Task to complete: In the listing that follows, the range to quote begins at the line that has "Selling a handy" and ends after the line that has "Illustrated Peacocks Wallpaper"; quote it verbatim and add nothing.

Given records:
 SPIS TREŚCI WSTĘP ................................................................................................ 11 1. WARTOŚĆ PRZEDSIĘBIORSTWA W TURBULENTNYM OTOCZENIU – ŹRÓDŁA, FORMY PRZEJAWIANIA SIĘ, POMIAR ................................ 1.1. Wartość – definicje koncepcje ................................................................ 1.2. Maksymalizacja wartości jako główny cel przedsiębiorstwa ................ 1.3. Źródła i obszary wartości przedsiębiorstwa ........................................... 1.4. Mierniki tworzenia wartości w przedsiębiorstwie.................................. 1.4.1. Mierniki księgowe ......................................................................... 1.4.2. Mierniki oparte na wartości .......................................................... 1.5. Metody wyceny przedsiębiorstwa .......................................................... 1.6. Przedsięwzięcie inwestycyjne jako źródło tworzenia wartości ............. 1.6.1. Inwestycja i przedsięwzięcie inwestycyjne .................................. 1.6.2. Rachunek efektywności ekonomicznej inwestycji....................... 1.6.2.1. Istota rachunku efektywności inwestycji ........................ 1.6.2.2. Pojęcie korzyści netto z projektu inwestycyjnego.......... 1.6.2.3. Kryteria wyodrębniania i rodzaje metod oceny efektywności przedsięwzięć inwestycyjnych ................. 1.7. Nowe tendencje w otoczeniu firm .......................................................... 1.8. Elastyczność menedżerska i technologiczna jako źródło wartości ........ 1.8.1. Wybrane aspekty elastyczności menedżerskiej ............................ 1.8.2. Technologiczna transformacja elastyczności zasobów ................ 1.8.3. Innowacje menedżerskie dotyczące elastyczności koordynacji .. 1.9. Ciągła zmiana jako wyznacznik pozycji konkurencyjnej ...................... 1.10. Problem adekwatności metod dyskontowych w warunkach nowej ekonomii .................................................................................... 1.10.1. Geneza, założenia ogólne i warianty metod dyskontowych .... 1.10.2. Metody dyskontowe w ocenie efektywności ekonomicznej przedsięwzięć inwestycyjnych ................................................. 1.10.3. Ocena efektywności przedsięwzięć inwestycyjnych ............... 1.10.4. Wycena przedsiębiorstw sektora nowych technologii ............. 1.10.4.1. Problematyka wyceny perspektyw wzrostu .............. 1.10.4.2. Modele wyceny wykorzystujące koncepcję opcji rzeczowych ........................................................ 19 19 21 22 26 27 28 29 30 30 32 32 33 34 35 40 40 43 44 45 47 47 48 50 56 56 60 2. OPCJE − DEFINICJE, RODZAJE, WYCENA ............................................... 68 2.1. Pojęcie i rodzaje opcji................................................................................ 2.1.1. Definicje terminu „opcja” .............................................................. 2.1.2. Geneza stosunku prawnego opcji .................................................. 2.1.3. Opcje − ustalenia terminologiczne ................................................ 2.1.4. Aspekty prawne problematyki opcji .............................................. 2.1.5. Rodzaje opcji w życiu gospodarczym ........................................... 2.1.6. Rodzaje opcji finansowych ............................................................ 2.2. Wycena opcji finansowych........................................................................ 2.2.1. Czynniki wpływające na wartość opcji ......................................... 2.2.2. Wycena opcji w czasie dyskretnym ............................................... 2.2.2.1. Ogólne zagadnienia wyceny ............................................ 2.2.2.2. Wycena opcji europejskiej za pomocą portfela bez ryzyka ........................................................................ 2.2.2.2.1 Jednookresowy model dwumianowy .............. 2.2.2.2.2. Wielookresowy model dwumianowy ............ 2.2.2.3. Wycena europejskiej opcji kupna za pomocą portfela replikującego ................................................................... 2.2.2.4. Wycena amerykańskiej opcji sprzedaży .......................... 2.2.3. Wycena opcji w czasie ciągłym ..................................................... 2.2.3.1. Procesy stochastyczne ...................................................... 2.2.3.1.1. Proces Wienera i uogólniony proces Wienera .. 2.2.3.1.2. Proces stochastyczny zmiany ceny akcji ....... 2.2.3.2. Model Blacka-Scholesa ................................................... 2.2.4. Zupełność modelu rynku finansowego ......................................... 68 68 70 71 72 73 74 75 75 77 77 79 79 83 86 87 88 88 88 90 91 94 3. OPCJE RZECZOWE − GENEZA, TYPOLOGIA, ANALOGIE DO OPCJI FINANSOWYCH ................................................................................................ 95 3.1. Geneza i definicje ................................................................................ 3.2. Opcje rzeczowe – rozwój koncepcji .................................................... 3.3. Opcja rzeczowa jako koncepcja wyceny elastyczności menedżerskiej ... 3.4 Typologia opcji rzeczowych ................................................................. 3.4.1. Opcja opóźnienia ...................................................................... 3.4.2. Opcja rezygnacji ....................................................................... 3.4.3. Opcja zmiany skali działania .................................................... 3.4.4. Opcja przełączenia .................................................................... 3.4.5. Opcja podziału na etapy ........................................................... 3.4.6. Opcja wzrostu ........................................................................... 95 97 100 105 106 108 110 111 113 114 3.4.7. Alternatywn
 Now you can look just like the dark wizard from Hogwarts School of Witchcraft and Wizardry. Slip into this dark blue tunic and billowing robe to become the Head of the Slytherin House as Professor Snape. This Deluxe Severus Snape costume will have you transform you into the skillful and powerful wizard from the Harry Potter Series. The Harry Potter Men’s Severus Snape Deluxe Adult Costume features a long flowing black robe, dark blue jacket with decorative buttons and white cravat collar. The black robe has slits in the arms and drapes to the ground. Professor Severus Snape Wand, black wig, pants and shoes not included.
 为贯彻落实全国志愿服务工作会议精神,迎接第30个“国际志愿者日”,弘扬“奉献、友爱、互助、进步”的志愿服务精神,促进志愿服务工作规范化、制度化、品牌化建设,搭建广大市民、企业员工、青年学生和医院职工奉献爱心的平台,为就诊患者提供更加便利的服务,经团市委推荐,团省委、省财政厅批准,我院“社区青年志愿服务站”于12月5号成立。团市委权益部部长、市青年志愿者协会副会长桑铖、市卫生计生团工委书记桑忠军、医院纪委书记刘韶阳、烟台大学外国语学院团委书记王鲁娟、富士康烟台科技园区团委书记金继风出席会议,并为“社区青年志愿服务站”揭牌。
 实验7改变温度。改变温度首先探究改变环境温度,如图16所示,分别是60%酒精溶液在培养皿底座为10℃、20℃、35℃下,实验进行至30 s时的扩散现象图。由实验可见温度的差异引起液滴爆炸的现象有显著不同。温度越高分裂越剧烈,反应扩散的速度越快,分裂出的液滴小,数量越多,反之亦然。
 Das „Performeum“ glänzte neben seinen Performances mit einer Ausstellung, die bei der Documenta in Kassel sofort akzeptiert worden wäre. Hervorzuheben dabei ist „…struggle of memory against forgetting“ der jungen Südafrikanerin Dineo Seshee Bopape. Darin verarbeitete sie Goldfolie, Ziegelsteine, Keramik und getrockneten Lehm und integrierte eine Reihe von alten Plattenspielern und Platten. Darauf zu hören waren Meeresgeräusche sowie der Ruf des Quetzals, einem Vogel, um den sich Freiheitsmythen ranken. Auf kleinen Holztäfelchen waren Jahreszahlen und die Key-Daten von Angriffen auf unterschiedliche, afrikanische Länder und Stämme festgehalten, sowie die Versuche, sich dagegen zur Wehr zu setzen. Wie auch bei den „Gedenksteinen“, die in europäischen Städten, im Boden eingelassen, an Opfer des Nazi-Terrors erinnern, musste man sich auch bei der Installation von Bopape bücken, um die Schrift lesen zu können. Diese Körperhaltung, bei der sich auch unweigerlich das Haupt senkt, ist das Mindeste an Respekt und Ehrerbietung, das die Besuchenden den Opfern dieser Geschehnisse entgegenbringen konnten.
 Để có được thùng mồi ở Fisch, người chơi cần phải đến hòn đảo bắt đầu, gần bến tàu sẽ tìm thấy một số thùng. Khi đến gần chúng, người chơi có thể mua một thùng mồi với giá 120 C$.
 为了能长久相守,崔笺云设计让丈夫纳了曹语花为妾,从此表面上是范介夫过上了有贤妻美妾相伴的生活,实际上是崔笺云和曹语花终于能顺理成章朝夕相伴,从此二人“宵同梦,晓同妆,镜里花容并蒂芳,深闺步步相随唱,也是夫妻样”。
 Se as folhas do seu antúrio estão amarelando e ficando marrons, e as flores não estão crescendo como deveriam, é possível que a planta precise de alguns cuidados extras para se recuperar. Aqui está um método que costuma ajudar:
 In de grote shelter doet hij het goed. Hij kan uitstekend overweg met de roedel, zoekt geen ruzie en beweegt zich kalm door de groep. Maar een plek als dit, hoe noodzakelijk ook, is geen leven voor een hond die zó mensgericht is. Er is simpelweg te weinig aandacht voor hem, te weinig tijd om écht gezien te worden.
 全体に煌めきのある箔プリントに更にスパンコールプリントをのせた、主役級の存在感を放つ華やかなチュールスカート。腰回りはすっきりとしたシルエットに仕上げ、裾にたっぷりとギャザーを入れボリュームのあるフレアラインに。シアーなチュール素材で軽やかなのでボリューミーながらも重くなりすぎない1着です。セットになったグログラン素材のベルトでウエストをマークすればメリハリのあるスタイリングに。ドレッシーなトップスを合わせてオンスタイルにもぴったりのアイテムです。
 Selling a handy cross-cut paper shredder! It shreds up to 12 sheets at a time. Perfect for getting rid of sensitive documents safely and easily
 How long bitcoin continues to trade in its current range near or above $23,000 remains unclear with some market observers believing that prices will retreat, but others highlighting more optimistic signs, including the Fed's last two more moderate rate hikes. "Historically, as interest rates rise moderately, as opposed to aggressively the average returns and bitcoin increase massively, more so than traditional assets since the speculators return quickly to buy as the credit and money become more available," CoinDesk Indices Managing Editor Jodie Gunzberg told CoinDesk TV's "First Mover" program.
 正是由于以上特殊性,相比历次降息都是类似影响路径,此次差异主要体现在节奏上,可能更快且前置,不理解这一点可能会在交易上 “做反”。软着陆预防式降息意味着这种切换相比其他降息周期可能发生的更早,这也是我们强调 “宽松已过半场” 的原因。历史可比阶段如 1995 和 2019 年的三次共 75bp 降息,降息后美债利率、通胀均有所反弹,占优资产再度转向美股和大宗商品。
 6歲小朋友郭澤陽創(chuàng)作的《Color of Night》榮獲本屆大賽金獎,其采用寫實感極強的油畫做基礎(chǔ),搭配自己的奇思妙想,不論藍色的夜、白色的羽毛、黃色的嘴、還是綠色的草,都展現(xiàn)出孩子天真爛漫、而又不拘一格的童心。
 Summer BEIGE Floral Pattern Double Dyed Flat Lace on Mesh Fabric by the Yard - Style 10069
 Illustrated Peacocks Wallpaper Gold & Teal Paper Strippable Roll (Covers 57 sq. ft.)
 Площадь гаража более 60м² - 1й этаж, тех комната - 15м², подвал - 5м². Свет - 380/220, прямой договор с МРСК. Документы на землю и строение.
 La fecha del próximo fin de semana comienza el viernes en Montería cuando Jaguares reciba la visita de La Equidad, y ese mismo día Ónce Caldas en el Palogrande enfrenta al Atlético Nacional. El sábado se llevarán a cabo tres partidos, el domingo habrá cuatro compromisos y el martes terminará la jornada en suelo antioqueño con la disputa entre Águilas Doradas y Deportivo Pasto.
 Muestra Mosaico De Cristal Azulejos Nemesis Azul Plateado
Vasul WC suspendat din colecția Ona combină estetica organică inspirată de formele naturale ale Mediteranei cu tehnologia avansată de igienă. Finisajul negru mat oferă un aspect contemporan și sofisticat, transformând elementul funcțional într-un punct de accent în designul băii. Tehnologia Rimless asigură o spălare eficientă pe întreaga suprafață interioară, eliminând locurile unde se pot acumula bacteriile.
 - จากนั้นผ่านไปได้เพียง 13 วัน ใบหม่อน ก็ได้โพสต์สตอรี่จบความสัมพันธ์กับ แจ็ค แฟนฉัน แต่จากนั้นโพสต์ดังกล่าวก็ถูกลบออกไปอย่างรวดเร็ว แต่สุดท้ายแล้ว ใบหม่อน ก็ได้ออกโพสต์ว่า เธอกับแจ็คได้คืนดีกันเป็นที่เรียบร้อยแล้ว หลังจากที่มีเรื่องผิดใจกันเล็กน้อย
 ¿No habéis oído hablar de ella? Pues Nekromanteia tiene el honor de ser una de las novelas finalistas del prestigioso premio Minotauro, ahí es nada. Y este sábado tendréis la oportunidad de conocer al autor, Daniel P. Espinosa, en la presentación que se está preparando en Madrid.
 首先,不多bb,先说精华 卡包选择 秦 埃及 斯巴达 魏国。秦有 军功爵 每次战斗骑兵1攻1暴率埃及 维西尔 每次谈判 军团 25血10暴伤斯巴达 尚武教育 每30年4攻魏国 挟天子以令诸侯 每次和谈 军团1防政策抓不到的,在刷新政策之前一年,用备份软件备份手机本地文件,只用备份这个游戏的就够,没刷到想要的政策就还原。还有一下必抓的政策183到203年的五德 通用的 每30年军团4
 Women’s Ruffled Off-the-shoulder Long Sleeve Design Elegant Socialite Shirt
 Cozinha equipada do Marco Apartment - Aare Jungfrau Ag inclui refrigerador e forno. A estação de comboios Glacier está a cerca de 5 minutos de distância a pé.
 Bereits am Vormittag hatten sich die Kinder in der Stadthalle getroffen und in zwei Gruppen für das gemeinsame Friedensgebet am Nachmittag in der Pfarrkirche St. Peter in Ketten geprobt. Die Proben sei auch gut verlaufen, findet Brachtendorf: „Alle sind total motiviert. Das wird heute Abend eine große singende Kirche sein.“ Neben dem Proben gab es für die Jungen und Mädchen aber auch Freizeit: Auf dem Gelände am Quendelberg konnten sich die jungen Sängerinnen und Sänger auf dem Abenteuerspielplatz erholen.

Your response:
 Selling a handy cross-cut paper shredder! It shreds up to 12 sheets at a time. Perfect for getting rid of sensitive documents safely and easily
 How long bitcoin continues to trade in its current range near or above $23,000 remains unclear with some market observers believing that prices will retreat, but others highlighting more optimistic signs, including the Fed's last two more moderate rate hikes. "Historically, as interest rates rise moderately, as opposed to aggressively the average returns and bitcoin increase massively, more so than traditional assets since the speculators return quickly to buy as the credit and money become more available," CoinDesk Indices Managing Editor Jodie Gunzberg told CoinDesk TV's "First Mover" program.
 正是由于以上特殊性,相比历次降息都是类似影响路径,此次差异主要体现在节奏上,可能更快且前置,不理解这一点可能会在交易上 “做反”。软着陆预防式降息意味着这种切换相比其他降息周期可能发生的更早,这也是我们强调 “宽松已过半场” 的原因。历史可比阶段如 1995 和 2019 年的三次共 75bp 降息,降息后美债利率、通胀均有所反弹,占优资产再度转向美股和大宗商品。
 6歲小朋友郭澤陽創(chuàng)作的《Color of Night》榮獲本屆大賽金獎,其采用寫實感極強的油畫做基礎(chǔ),搭配自己的奇思妙想,不論藍色的夜、白色的羽毛、黃色的嘴、還是綠色的草,都展現(xiàn)出孩子天真爛漫、而又不拘一格的童心。
 Summer BEIGE Floral Pattern Double Dyed Flat Lace on Mesh Fabric by the Yard - Style 10069
 Illustrated Peacocks Wallpaper Gold & Teal Paper Strippable Roll (Covers 57 sq. ft.)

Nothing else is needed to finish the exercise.